- Born: August 17, 1899 Munich, Germany
- Died: November 19, 1959 (aged 60) Erlangen, West Germany
- Education: Ludwig-Maximilians-Universität München University of Freiburg Heidelberg University
- Known for: Research on methamphetamine and performance-enhancing drugs
- Scientific career
- Fields: Physiology
- Workplaces: University of Erlangen–Nuremberg
- Doctoral advisor: Ludwig Aschoff, Philipp Broemser

= Otto Friedrich Ranke =

German physiologist (1899–1959)

Otto Friedrich Ranke (17 August 1899 in Munich – 19 November 1959) was a German physiologist and university professor. Ranke introduced methamphetamine as a performance enhancer in the Wehrmacht during World War II.

==Early years and education==
Ranke, whose father was the psychiatrist Karl Ranke (1861–1951), graduated after completing his study of medicine at the Ludwig-Maximilians-Universität München and the University of Freiburg. In Freiburg, Ranke received a medical doctorate under Ludwig Aschoff with a dissertation entitled "On the change of the elastic resistance of the aortic intima and resulting formation of atheroma." Ranke studied mathematics at the Technical University of Munich until 1925 with the aid of a grant from the Rockefeller Foundation. He became an assistant at the Institute of Pathology of the University of Freiburg under Philipp Broemser, and worked from 1928 to 1935 at the Physiological Institutes of the University of Basel and Heidelberg University. Ranke obtained his science doctorate in 1931 from Heidelberg University with a thesis entitled "The Rectifier Resonance Theory: An extension of the Helmholtz resonance theory of hearing by physical examination of cochlear fluid oscillations."

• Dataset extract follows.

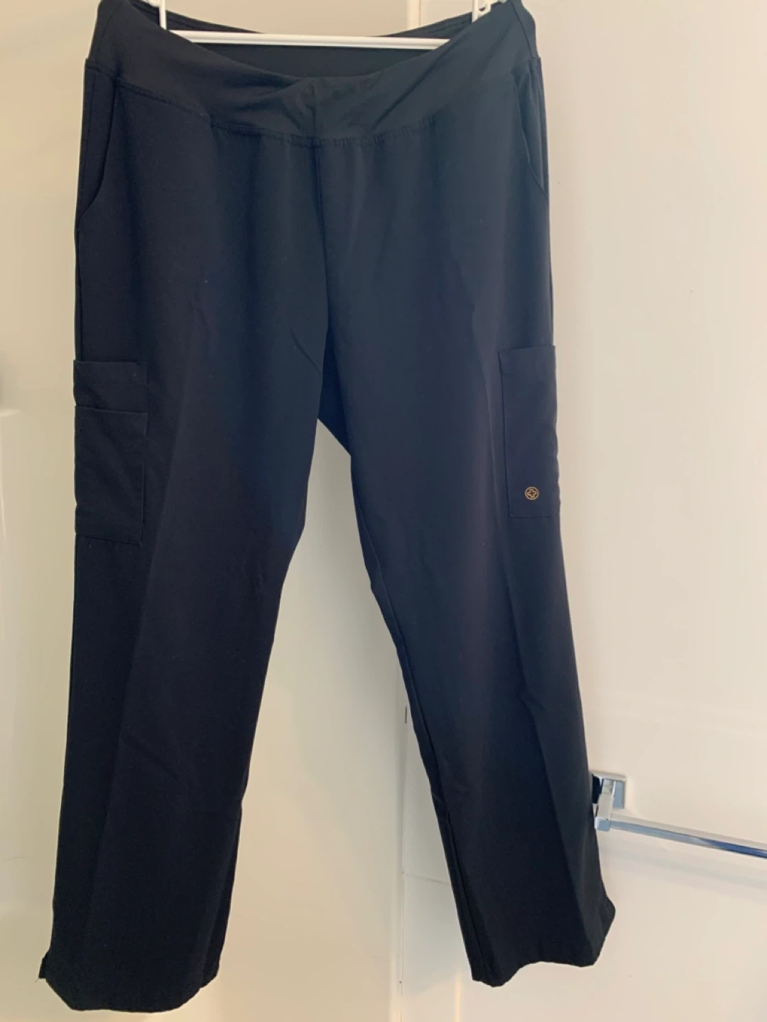 Selling a pair of black scrub pants. They're in great condition and feature convenient pockets. Perfect for work or everyday wear!

==Political and military activities==
Ranke was a member of Der Stahlhelm, which was dissolved and integrated into the Sturmabteilung (SA) from 1934 to 1935, and was a member of the National Socialist Teachers League. In 1935, Ranke joined the Aviation Medical Research Institute of the Military Medical Academy in Berlin, where Hubertus Strughold worked. Ranke was appointed in 1936 to außerplanmäßiger (extraordinary) professor at the Friedrich Wilhelm University of Berlin. From 1937 to 1945, Ranke headed the Institute of General and Military Physiology (Institut fur Allgemeine und Wehrphysiologie) at the Military Medical Academy in Berlin. Ranke joined the Wehrmacht in 1939 with the rank of Oberstabsarzt (Major in Medical Corps) and conducted research at the Laboratory for Aviation Medicine on Thermoregulation and Nutritional Physiology of the Military Medical Academy. Ranke also served as an advisory officer to the military. As a medical staff officer Ranke took part in the conference, "Medical Problems Arising from Sea and Winter," (Tagung über Ärztliche Fragen bei Seenot und Wintertod) 26 and 27 August 1942 in Nuremberg, where the hypothermia experiments in the Dachau concentration camp were presented. Along with Karl Brandt, Ranke was, from 1944, a member of multiple scientific advisory boards.

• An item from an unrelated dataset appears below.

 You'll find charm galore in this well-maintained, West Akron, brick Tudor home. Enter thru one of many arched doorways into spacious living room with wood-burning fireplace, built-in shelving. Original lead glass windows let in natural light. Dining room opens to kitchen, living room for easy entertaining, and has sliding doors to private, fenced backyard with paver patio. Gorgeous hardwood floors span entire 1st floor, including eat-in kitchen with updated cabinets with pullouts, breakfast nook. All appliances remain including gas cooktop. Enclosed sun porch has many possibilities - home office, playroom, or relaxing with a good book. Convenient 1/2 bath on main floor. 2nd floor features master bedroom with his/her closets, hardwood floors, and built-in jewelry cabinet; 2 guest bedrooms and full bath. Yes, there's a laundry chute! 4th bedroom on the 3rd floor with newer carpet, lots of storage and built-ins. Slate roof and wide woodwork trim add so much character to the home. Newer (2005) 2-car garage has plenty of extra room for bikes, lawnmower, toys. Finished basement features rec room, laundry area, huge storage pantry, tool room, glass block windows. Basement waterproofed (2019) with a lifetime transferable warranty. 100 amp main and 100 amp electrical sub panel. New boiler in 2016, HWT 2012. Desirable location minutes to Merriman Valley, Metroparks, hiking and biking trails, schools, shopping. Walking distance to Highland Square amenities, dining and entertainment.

==Introduces military methamphetamine==
In an effort to make its front-line soldiers and fighter pilots fight longer, harder, and with less concern for individual safety, the German army ordered them to take military-issue pills made from methamphetamine and a primarily cocaine-based stimulant. Pervitin, a methamphetamine drug newly developed by the Berlin-based Temmler pharmaceutical company, first entered the civilian market in 1938; it quickly became a top seller among the German population. The drug was brought to the attention of Ranke, at the time a military doctor and director of the Institute for General and Defense Physiology at Berlin's Academy of Military Medicine. The effects of amphetamines are similar to those of the adrenaline produced by the body, triggering a heightened state of alert. In most people, the substance increases self-confidence, concentration, and willingness to take risks while at the same time reducing sensitivity to pain, hunger, thirst, and the need for sleep. In September 1939, Ranke tested the drug on 90 university students and concluded that Pervitin could help the Wehrmacht win the war. Cocaine, whose effects substantially overlap with those of amphetamine but feature greater euphoria, was later added to the formulation to increase potency through the multiplicative effects of drug interaction and to reinforce use by individuals.

Some medical authorities criticized this drug regimen, with distributed pills numbered in the millions, as having the negative consequence that many soldiers became addicted to drugs and useless in any military capacity, whether combat or supporting.

==Later years and death==
In 1946, after three months, the American military government cashiered him. From mid-September 1947 until his death, Ranke was professor of physiology at the University of Erlangen–Nuremberg and served as director of the Physiological Institute. His research interests were sensory and nutritional physiology and physiology of metabolism. Ranke was author of many scientific publications. In 1950 together with Konrad Lang he edited a textbook of Metabolism and Nutrition. Ranke died in 1959 unexpectedly of an arterial thrombosis in his sleep.